### Work order
Check which lines of the entries that follow hold "George", then give the number of those lines and nothing more.

□ □ □

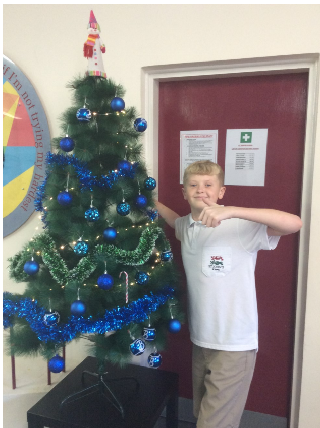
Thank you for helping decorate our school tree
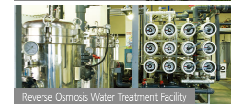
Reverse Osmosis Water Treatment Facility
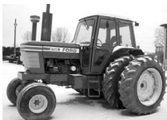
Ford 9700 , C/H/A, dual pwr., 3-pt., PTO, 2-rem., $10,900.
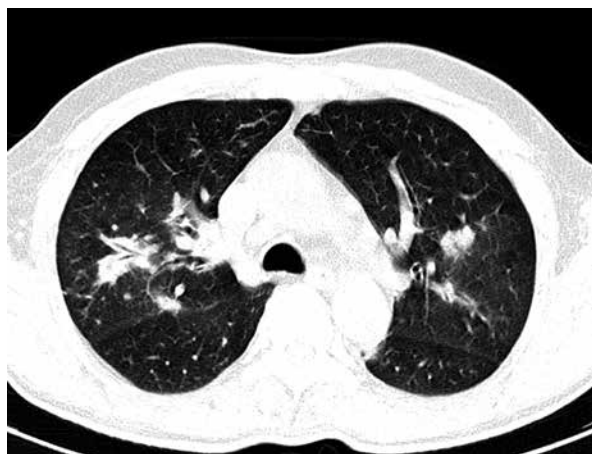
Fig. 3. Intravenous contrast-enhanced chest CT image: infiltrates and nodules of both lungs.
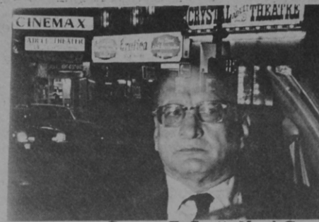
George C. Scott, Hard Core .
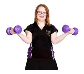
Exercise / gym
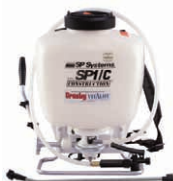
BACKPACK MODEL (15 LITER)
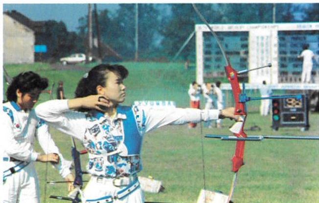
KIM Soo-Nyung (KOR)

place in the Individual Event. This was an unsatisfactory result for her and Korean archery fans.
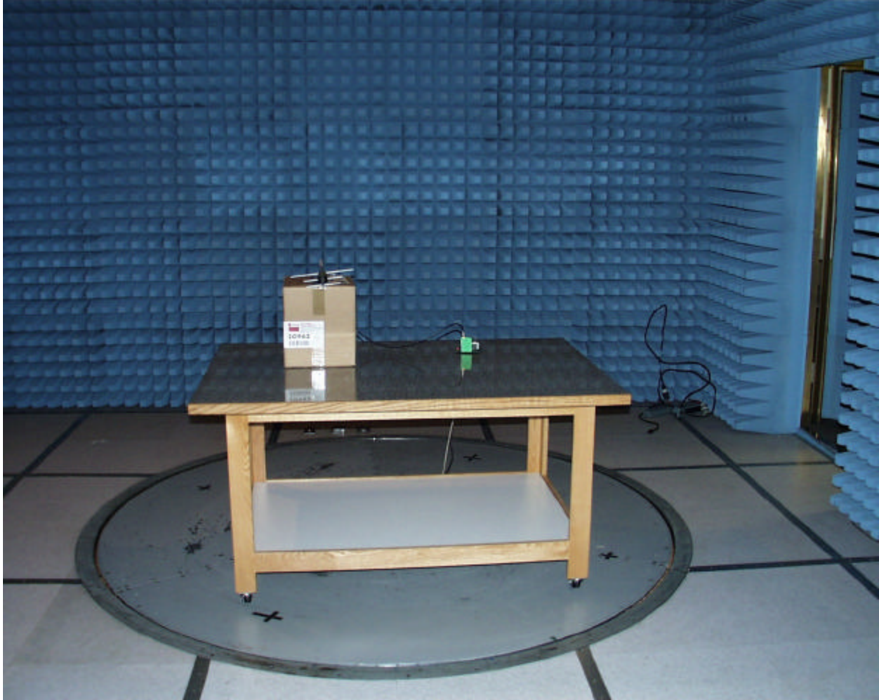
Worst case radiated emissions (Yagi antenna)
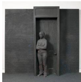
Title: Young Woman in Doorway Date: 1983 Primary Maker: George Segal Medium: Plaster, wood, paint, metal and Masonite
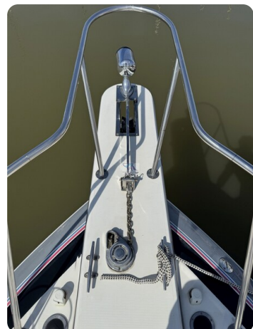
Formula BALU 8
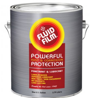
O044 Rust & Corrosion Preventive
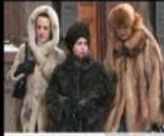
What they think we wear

□ □ □

### Task answer
2